Presentation of Fundamental Group for a Seifert Fibred Space I am trying to understand how to make sense of the presentation for a seifert fibred space geometrically. I understand that for each exceptional fibre (with index a/b) you get a generator with torsion for the fund grp s.t. the index corresponds to its order. And a regular fibre(which is homotopic to all of the other regular fibres) is a generator which commutes with everything. What I would like to understand is the other generators and the relations between them and how to think about it visually if possible. I am a newcomer to this subject and geometric topology in general so the more details the better. Thanks!
 A: Consider (for simplicity) the case when your Seifert manifold fibers over a orientable  surface. Let $\Sigma$ be a genus $g$ orientable surface with $m$ boundary components, and $\frac{p_i}{q_i}$ for $i=1, \dots , m$ a collection of $m$ rational numbers. Let us compute the fundamental group Seifert Manifold 
$$M= \left( g ;\frac{p_i}{q_i}, \ i=1, \dots , m \right). $$   
By definition, $M$ is obtained from $\Sigma \times S^1$ (a three-manifold with $m$ torus boundary components) by Dhen filling. So the fundamental group of $M$ is a quotient of $\pi_1(\Sigma \times S^1) = \pi_1(\Sigma) \times \pi_1(S^1)$ modulo the normal closure of the subgroup $H \subset \pi_1(\Sigma) \times \mathbb{Z}$ generated by the curves of slopes $\frac{p_i}{q_i}$ killed during the Dhen filling procedure (this is because Van Kampen's theorem).
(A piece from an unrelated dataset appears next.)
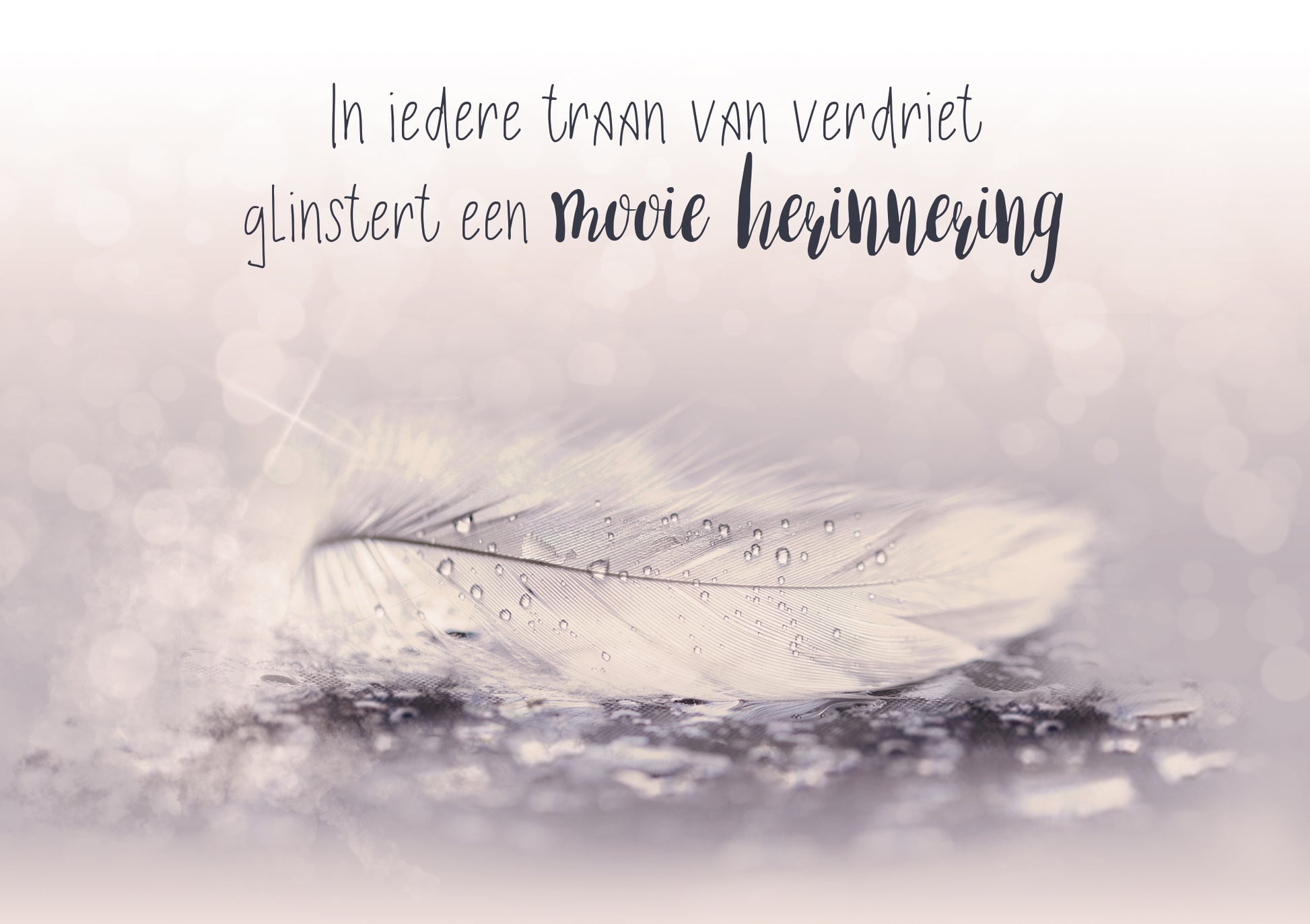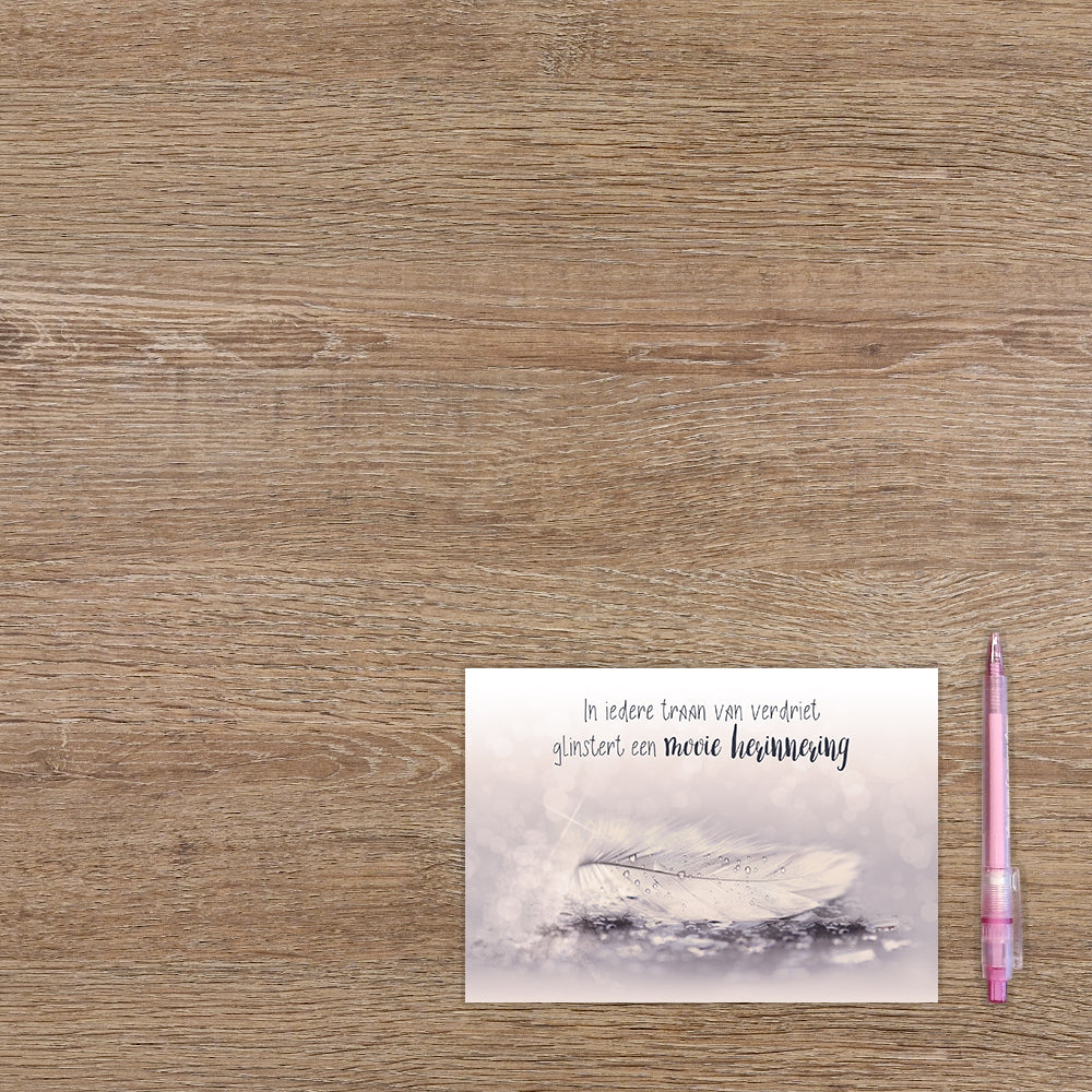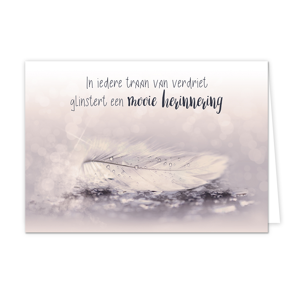De wenskaart heeft een afmeting van x en een liggende vorm. Op deze wenskaart staat een veer met daarboven de tekst: "In iedere traan van verdriet glinstert een mooie herinnering". De binnenzijde van de wenskaart is bedrukt met de tekst "Veel sterkte met dit verlies".

Thus in order to obtain a presentation $\pi_1(M)$ we only have to take a presentation of $\pi_1(\Sigma) \times \pi_1(S^1)$ and to add the relations 
$$ \text{filling curves} =1.$$
Let's do it. A presentation of $\pi_1(\Sigma)$ is given by 
$$< a_1, b_1, \dots a_g, b_g, c_1, \dots c_m \ | \ [a_1, b_1] \dots [a_g, b_g]= c_1 \dots c_g>$$
where $c_1 \dots c_m$ are the homotopy classes for the boundary components. In order to obtain a presentation of $\pi_1(\Sigma) \times \mathbb{Z}$ we add to the presentation above one generator more $\gamma$ commuting with all the other generators 
$$< a_1, b_1, \dots a_g, b_g, c_1, \dots c_m , \gamma \ | \ [a_1, b_1] \dots [a_g, b_g]= c_1 \dots c_g, \ [\gamma, a_i]=[\gamma, b_i]=[\gamma, c_i]=1>$$
Notice that in that presentation $\gamma$ represents the homotopy class of a non-singular fiber. Finally we add the relations 
$$c_i^{p_i} \cdot \gamma^{q_i} =1 \ \ \ \ \ \  \ \ \ \  \ \ \ \ \ \ i=1, \dots ,m$$
coming from the Dhen filling operation, and the presentation is done.